__Task brief__
Please reproduce the records exactly, leaving out any pictures.
>>>
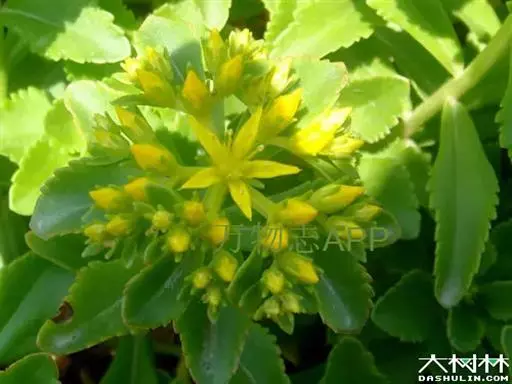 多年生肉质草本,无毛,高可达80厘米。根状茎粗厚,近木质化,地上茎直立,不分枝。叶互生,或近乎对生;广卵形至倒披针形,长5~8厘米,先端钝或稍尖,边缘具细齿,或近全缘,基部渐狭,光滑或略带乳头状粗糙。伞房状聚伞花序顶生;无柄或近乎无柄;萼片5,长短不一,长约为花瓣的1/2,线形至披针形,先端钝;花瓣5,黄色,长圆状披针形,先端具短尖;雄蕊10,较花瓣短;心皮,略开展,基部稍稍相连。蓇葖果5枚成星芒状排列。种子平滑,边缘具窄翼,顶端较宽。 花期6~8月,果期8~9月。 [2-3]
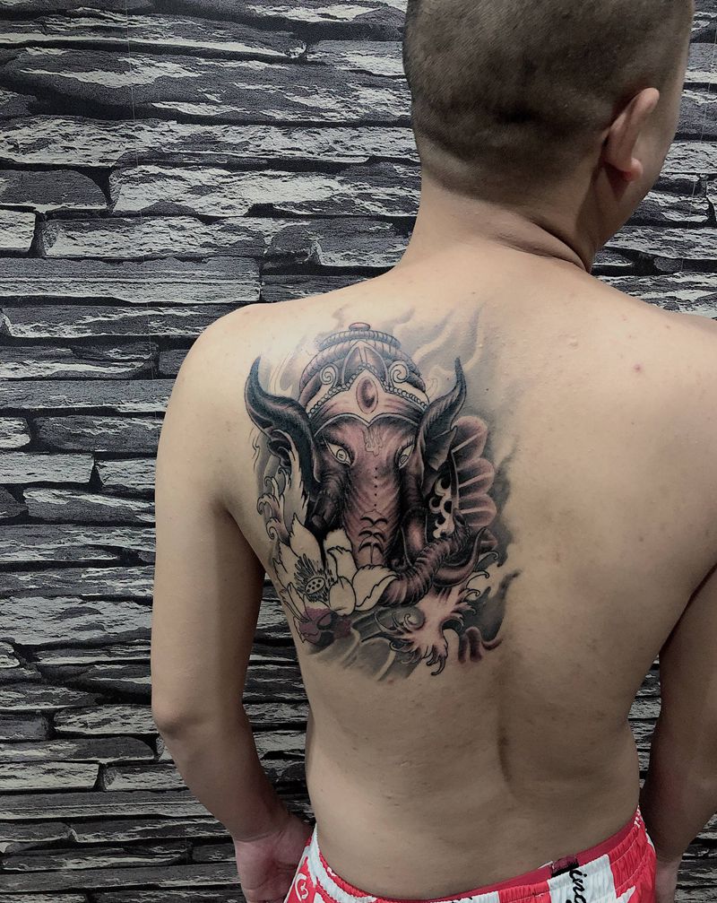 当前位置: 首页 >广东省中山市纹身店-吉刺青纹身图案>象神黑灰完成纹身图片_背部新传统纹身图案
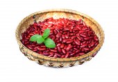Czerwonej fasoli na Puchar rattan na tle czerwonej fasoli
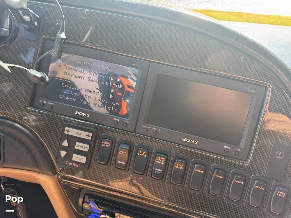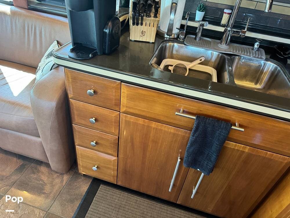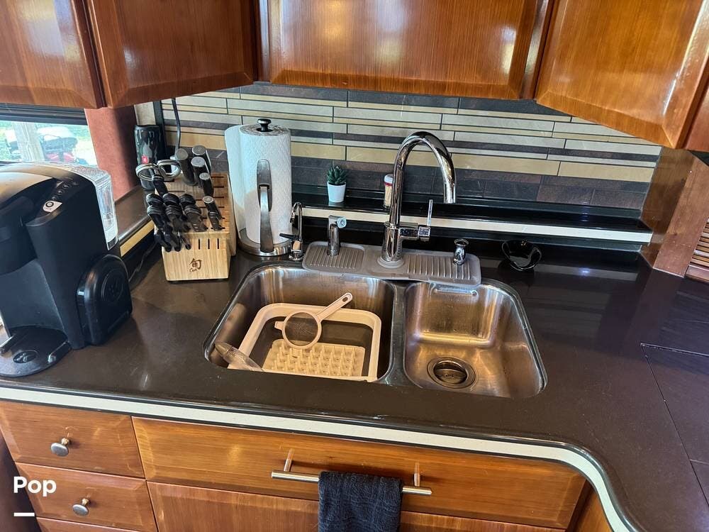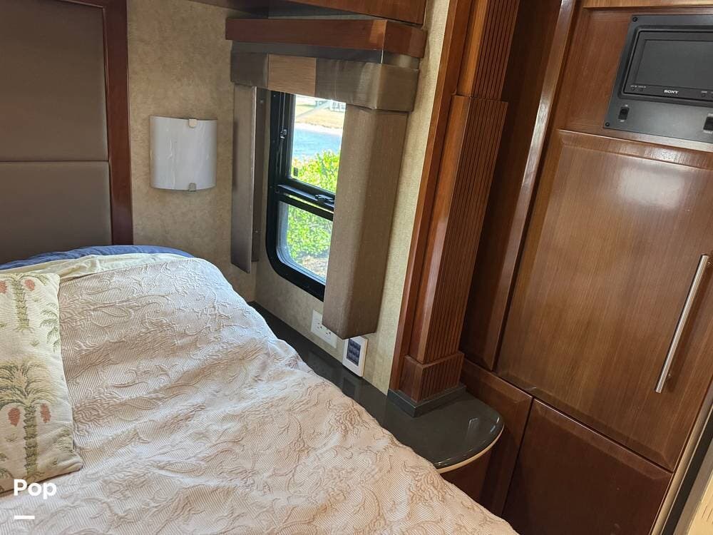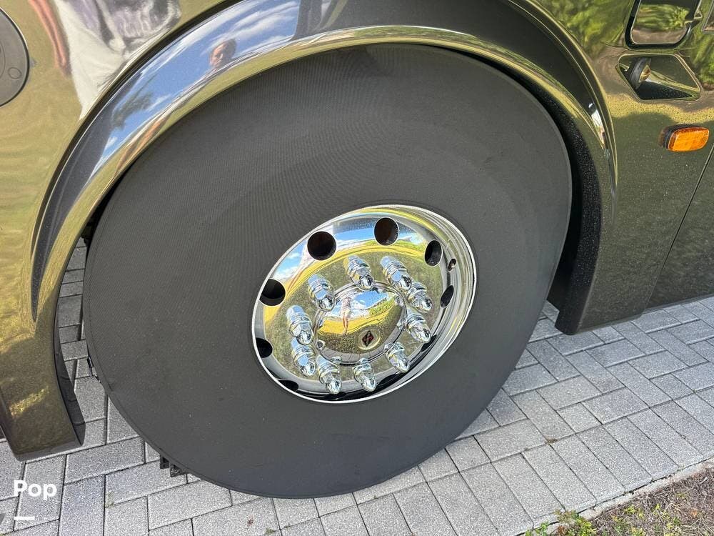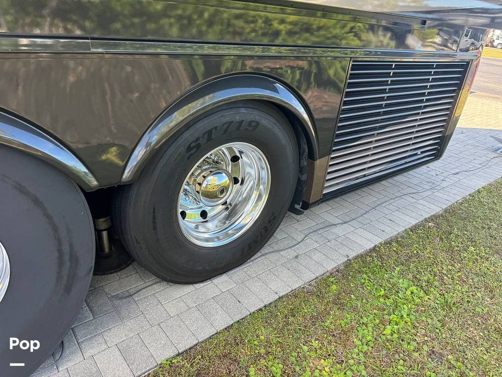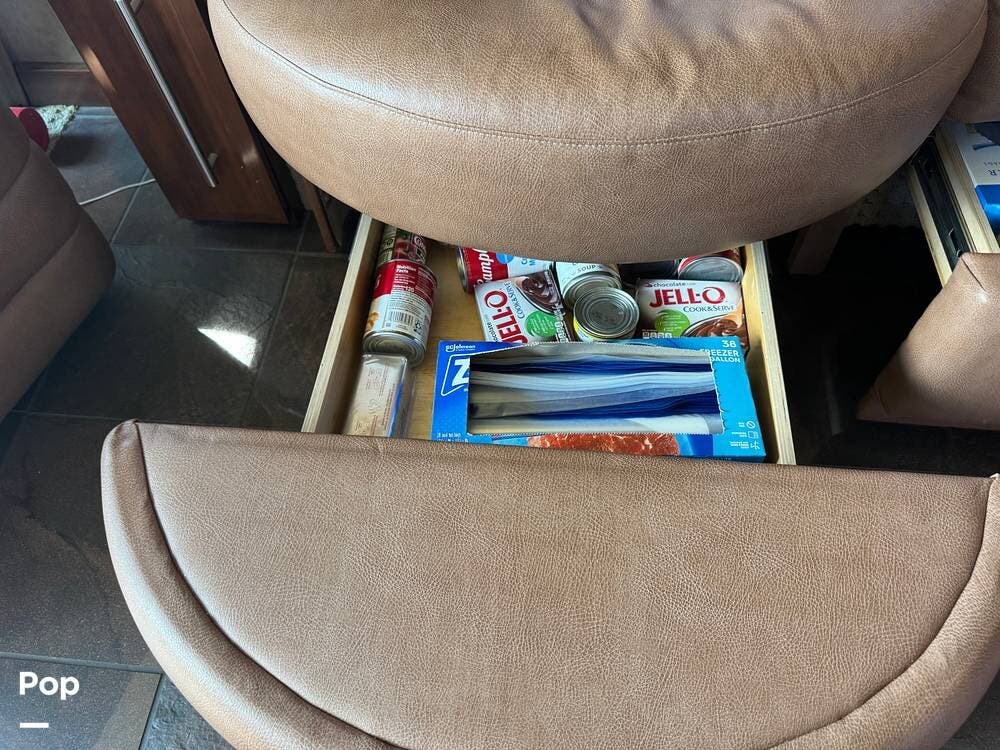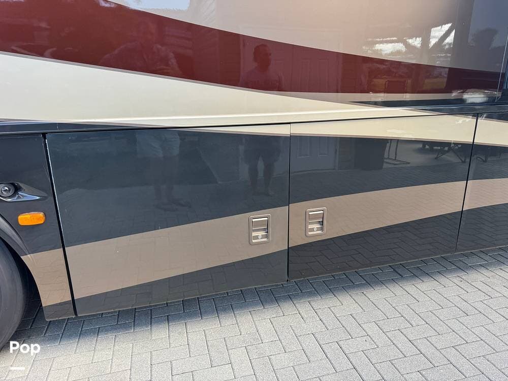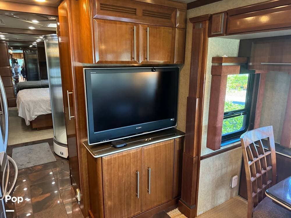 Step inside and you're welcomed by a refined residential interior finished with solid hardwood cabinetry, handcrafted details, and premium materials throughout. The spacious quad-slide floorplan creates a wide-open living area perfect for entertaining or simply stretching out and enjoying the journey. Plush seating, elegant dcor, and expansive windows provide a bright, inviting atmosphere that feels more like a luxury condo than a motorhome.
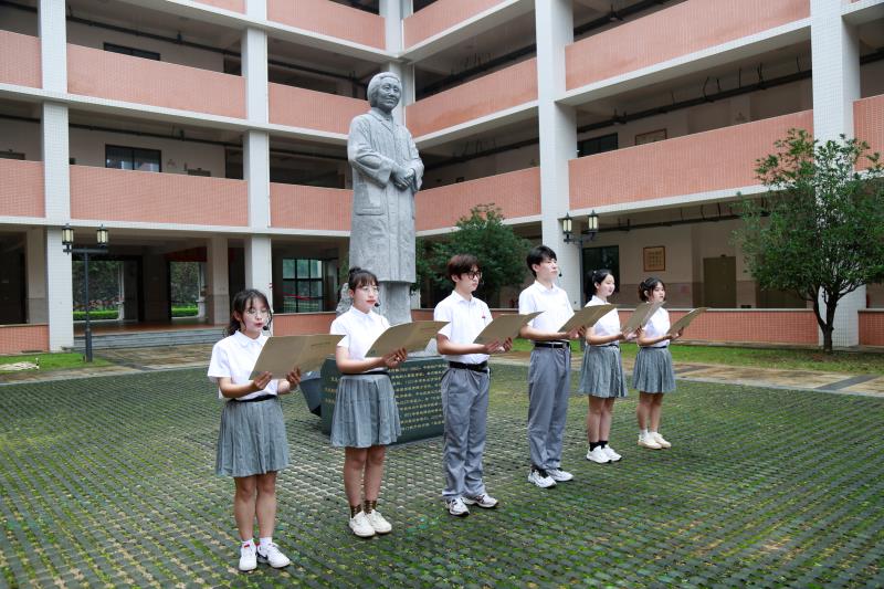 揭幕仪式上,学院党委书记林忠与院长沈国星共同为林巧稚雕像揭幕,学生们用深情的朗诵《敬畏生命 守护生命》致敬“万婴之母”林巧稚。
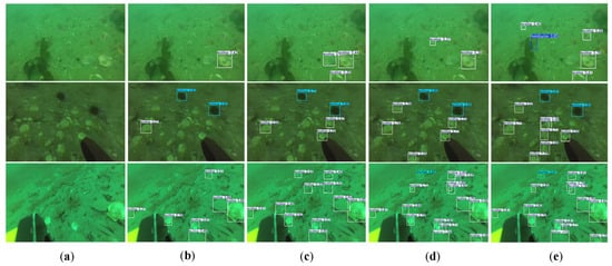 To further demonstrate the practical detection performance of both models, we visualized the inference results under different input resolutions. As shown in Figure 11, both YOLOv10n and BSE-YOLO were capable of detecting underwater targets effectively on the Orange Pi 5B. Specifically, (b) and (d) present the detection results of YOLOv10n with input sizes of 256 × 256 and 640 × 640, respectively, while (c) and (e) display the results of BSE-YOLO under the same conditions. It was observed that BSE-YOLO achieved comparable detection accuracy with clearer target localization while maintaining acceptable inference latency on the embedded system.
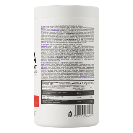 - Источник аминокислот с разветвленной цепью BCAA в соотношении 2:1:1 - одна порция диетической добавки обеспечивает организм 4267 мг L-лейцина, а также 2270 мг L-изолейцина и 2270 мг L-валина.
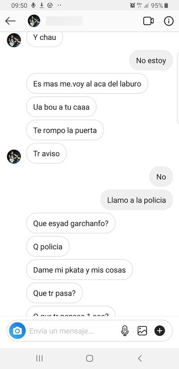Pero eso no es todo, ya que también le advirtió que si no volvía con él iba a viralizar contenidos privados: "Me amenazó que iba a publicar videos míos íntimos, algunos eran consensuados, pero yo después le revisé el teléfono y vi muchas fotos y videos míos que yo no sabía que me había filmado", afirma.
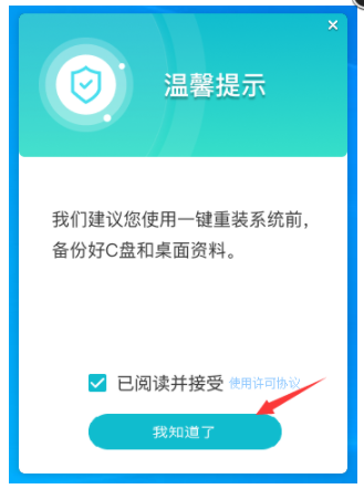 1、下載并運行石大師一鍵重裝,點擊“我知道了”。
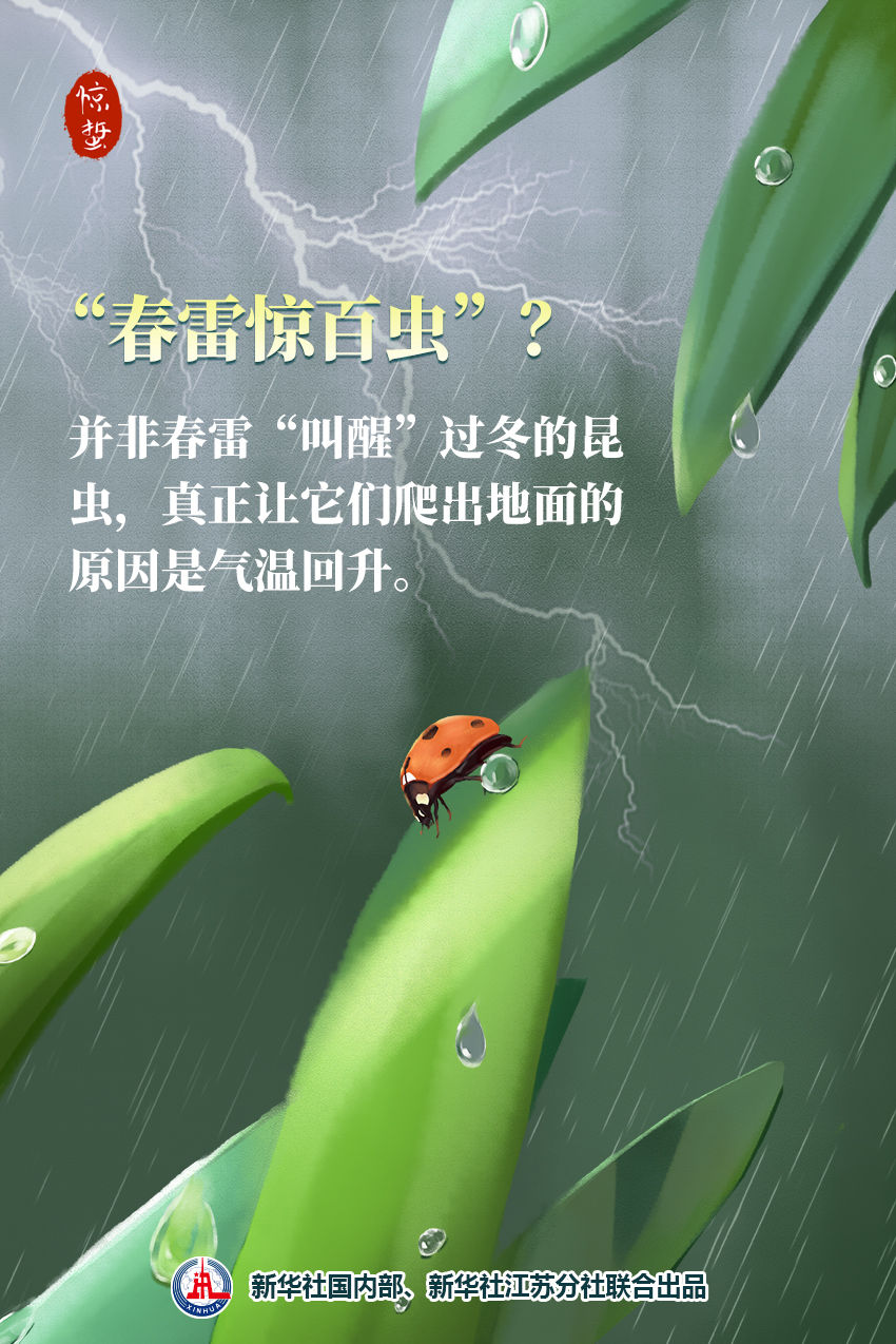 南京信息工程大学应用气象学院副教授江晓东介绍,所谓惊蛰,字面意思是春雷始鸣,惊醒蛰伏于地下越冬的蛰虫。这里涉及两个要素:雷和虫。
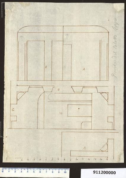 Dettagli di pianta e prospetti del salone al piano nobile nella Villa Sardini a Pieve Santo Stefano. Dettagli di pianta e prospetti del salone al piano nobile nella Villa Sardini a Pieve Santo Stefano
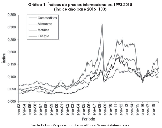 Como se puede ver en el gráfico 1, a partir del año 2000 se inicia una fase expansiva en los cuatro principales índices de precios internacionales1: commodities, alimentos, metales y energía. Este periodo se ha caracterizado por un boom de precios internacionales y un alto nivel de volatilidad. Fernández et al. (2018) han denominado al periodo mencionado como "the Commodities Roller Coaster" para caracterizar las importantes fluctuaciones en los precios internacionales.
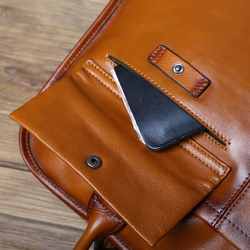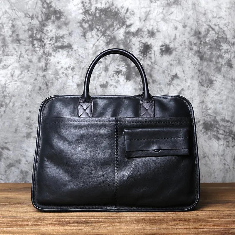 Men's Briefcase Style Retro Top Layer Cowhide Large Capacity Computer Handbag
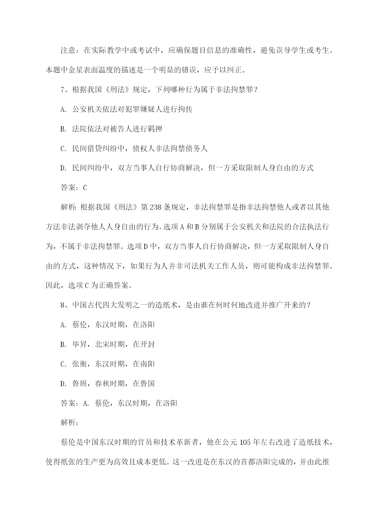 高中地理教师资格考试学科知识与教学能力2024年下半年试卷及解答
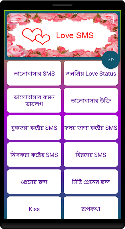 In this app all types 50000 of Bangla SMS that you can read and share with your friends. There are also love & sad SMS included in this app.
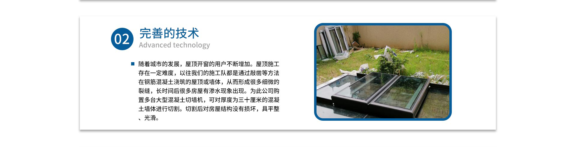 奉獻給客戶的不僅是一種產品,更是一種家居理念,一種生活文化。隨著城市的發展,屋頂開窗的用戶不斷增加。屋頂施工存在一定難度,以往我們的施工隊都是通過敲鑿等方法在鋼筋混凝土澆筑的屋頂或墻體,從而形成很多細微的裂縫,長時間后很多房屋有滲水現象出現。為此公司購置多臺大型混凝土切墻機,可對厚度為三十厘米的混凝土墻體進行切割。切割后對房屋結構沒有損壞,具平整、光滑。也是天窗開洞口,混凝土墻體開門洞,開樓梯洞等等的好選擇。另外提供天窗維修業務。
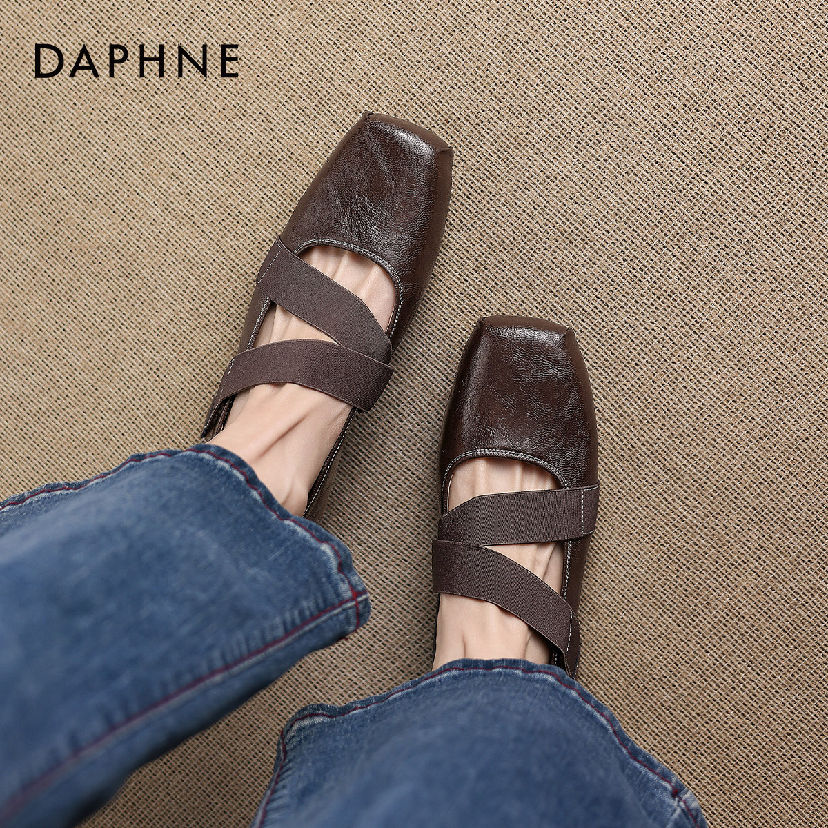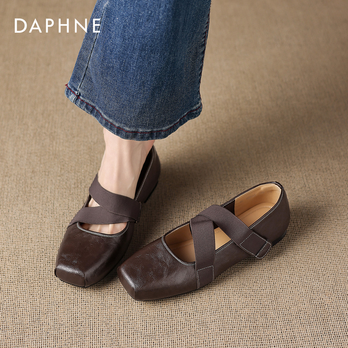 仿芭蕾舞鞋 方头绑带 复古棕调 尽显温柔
<<<
__Exercise solution__
 多年生肉质草本,无毛,高可达80厘米。根状茎粗厚,近木质化,地上茎直立,不分枝。叶互生,或近乎对生;广卵形至倒披针形,长5~8厘米,先端钝或稍尖,边缘具细齿,或近全缘,基部渐狭,光滑或略带乳头状粗糙。伞房状聚伞花序顶生;无柄或近乎无柄;萼片5,长短不一,长约为花瓣的1/2,线形至披针形,先端钝;花瓣5,黄色,长圆状披针形,先端具短尖;雄蕊10,较花瓣短;心皮,略开展,基部稍稍相连。蓇葖果5枚成星芒状排列。种子平滑,边缘具窄翼,顶端较宽。 花期6~8月,果期8~9月。 [2-3]
 当前位置: 首页 >广东省中山市纹身店-吉刺青纹身图案>象神黑灰完成纹身图片_背部新传统纹身图案
Czerwonej fasoli na Puchar rattan na tle czerwonej fasoli
 Step inside and you're welcomed by a refined residential interior finished with solid hardwood cabinetry, handcrafted details, and premium materials throughout. The spacious quad-slide floorplan creates a wide-open living area perfect for entertaining or simply stretching out and enjoying the journey. Plush seating, elegant dcor, and expansive windows provide a bright, inviting atmosphere that feels more like a luxury condo than a motorhome.
 揭幕仪式上,学院党委书记林忠与院长沈国星共同为林巧稚雕像揭幕,学生们用深情的朗诵《敬畏生命 守护生命》致敬“万婴之母”林巧稚。
 To further demonstrate the practical detection performance of both models, we visualized the inference results under different input resolutions. As shown in Figure 11, both YOLOv10n and BSE-YOLO were capable of detecting underwater targets effectively on the Orange Pi 5B. Specifically, (b) and (d) present the detection results of YOLOv10n with input sizes of 256 × 256 and 640 × 640, respectively, while (c) and (e) display the results of BSE-YOLO under the same conditions. It was observed that BSE-YOLO achieved comparable detection accuracy with clearer target localization while maintaining acceptable inference latency on the embedded system.
 - Источник аминокислот с разветвленной цепью BCAA в соотношении 2:1:1 - одна порция диетической добавки обеспечивает организм 4267 мг L-лейцина, а также 2270 мг L-изолейцина и 2270 мг L-валина.
Pero eso no es todo, ya que también le advirtió que si no volvía con él iba a viralizar contenidos privados: "Me amenazó que iba a publicar videos míos íntimos, algunos eran consensuados, pero yo después le revisé el teléfono y vi muchas fotos y videos míos que yo no sabía que me había filmado", afirma.
 1、下載并運行石大師一鍵重裝,點擊“我知道了”。
 南京信息工程大学应用气象学院副教授江晓东介绍,所谓惊蛰,字面意思是春雷始鸣,惊醒蛰伏于地下越冬的蛰虫。这里涉及两个要素:雷和虫。
 Dettagli di pianta e prospetti del salone al piano nobile nella Villa Sardini a Pieve Santo Stefano. Dettagli di pianta e prospetti del salone al piano nobile nella Villa Sardini a Pieve Santo Stefano
 Como se puede ver en el gráfico 1, a partir del año 2000 se inicia una fase expansiva en los cuatro principales índices de precios internacionales1: commodities, alimentos, metales y energía. Este periodo se ha caracterizado por un boom de precios internacionales y un alto nivel de volatilidad. Fernández et al. (2018) han denominado al periodo mencionado como "the Commodities Roller Coaster" para caracterizar las importantes fluctuaciones en los precios internacionales.
 Men's Briefcase Style Retro Top Layer Cowhide Large Capacity Computer Handbag
 高中地理教师资格考试学科知识与教学能力2024年下半年试卷及解答
 In this app all types 50000 of Bangla SMS that you can read and share with your friends. There are also love & sad SMS included in this app.
 奉獻給客戶的不僅是一種產品,更是一種家居理念,一種生活文化。隨著城市的發展,屋頂開窗的用戶不斷增加。屋頂施工存在一定難度,以往我們的施工隊都是通過敲鑿等方法在鋼筋混凝土澆筑的屋頂或墻體,從而形成很多細微的裂縫,長時間后很多房屋有滲水現象出現。為此公司購置多臺大型混凝土切墻機,可對厚度為三十厘米的混凝土墻體進行切割。切割后對房屋結構沒有損壞,具平整、光滑。也是天窗開洞口,混凝土墻體開門洞,開樓梯洞等等的好選擇。另外提供天窗維修業務。
 仿芭蕾舞鞋 方头绑带 复古棕调 尽显温柔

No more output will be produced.